- Location in Morgan County, Illinois
- Coordinates: 39°37′29″N 90°13′33″W﻿ / ﻿39.62472°N 90.22583°W
- Country: United States
- State: Illinois
- County: Morgan
- Platted: May 2, 1859
- Incorporated: April 9, 1894

Area
- • Total: 0.39 sq mi (1.02 km^{2})
- • Land: 0.39 sq mi (1.02 km^{2})
- • Water: 0 sq mi (0.00 km^{2})
- Elevation: 673 ft (205 m)

Population (2020)
- • Total: 498
- • Density: 1,265.5/sq mi (488.62/km^{2})
- Time zone: UTC-6 (CST)
- • Summer (DST): UTC-5 (CDT)
- ZIP code: 62695
- Area code: 217
- FIPS code: 17-83336
- GNIS feature ID: 2399737
- Website: woodsonillinois.com

= Woodson, Illinois =

Woodson is a village in Morgan County, Illinois, United States. The population was 498 at the 2020 census. It is part of the Jacksonville Micropolitan Statistical Area.

== History ==
The village was platted on May 2, 1859, and incorporated on April 9, 1894. The village is named after Judge David M. Woodson.

==Geography==
Woodson is located south of Lake Jacksonville and south of combined U.S. Route 36 and Interstate 72. It lies mainly on the east side of State Highway 267, which leads north 7 mi to Jacksonville, the Morgan county seat, and south 20 mi to Greenfield.

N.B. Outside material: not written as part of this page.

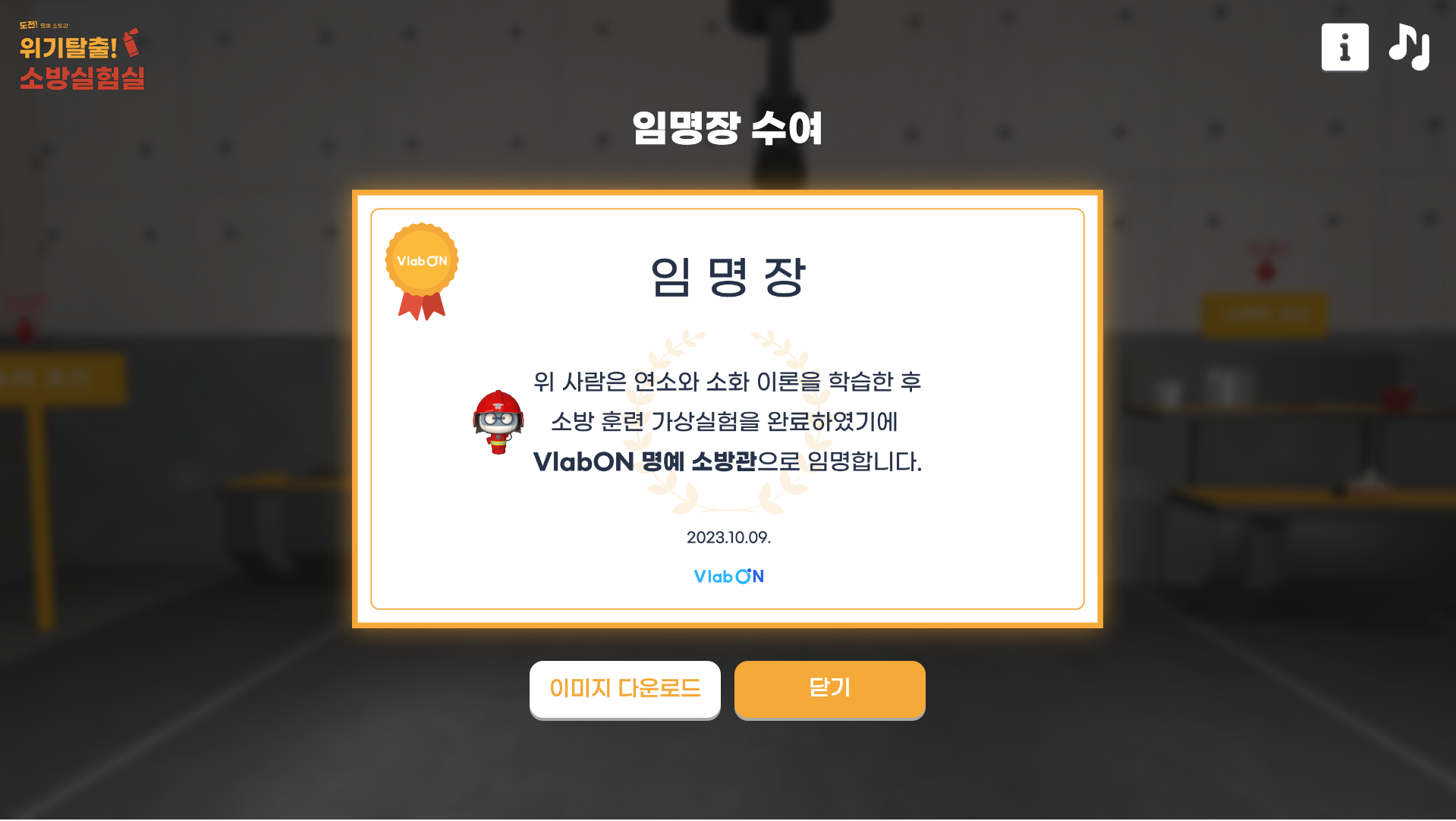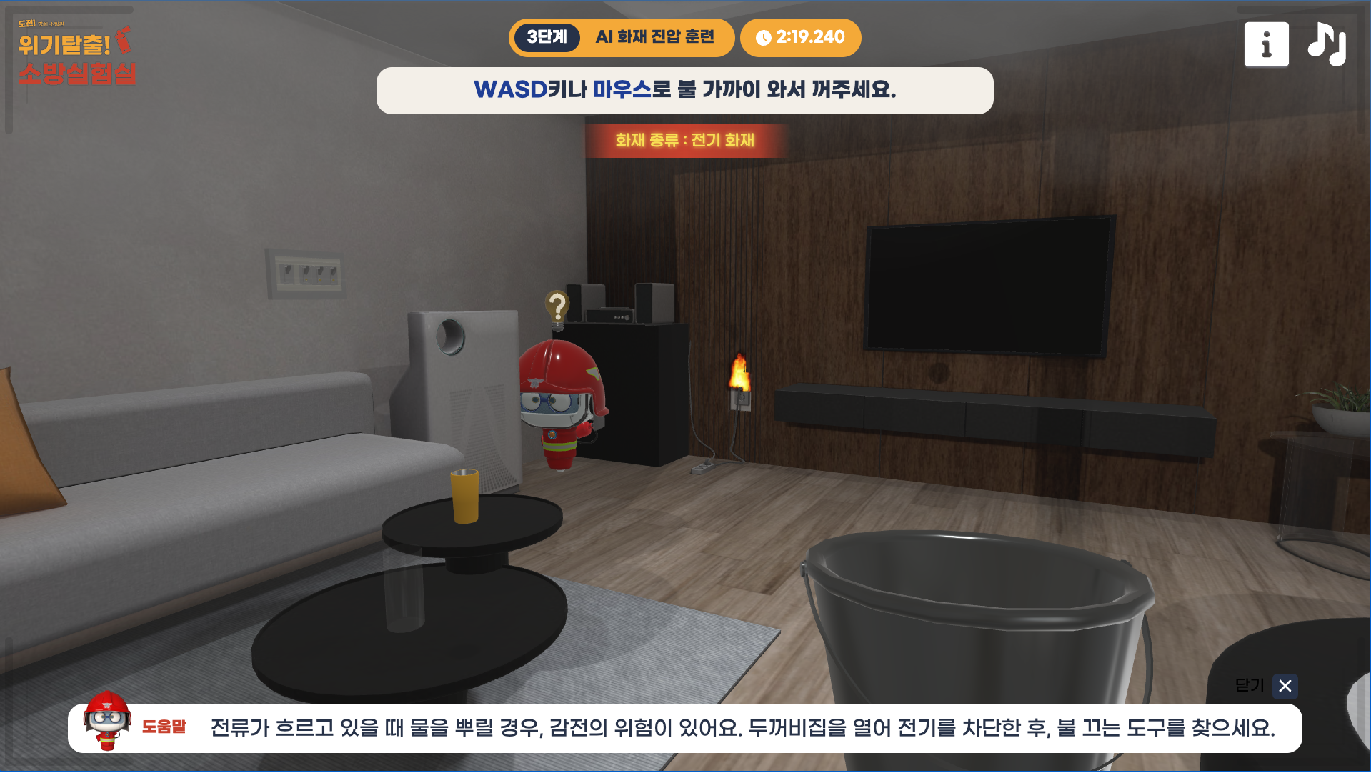 AI 소방관과 함께 모의 화재 현장에 투입되어 네 종류의 화재를 진압합니다.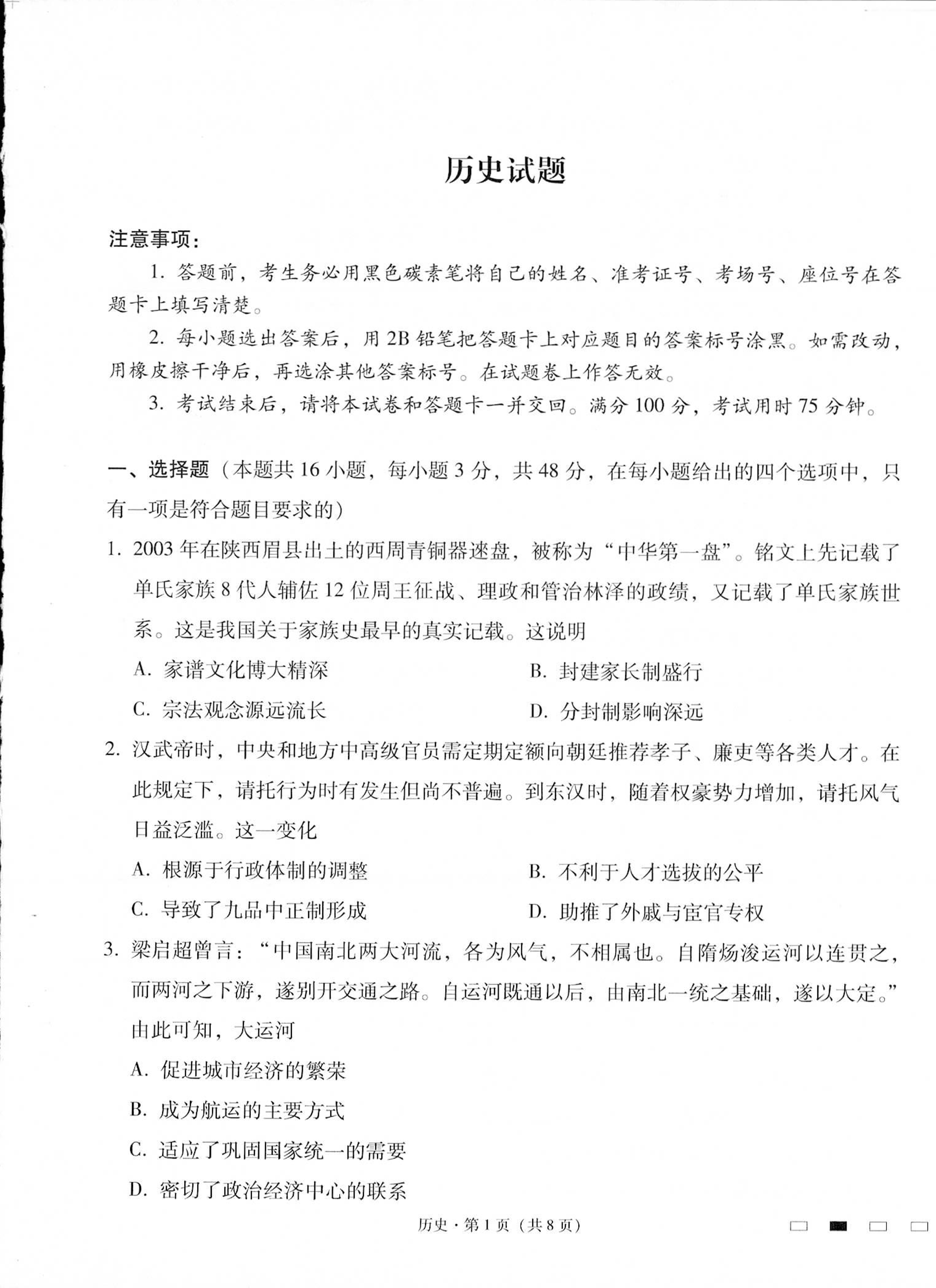 贵州省六校联盟(贵阳一中等校)2025届高三12月联考历史

According to the U.S. Census Bureau, Woodson has a total area of 0.39 sqmi, all land. Spoon Creek runs along the northern edge of the village, flowing west toward Sandy Creek, a southwest-flowing tributary of the Illinois River.

==Demographics==

As of the census of 2000, there were 559 people, 209 households, and 165 families residing in the village. The population density was 1,442.6 PD/sqmi. There were 219 housing units at an average density of 565.2 /sqmi. The racial makeup of the village was 96.96% White, 0.72% African American, 0.36% Native American, 0.36% Asian, 0.54% from other races, and 1.07% from two or more races. Hispanic or Latino of any race were 0.89% of the population.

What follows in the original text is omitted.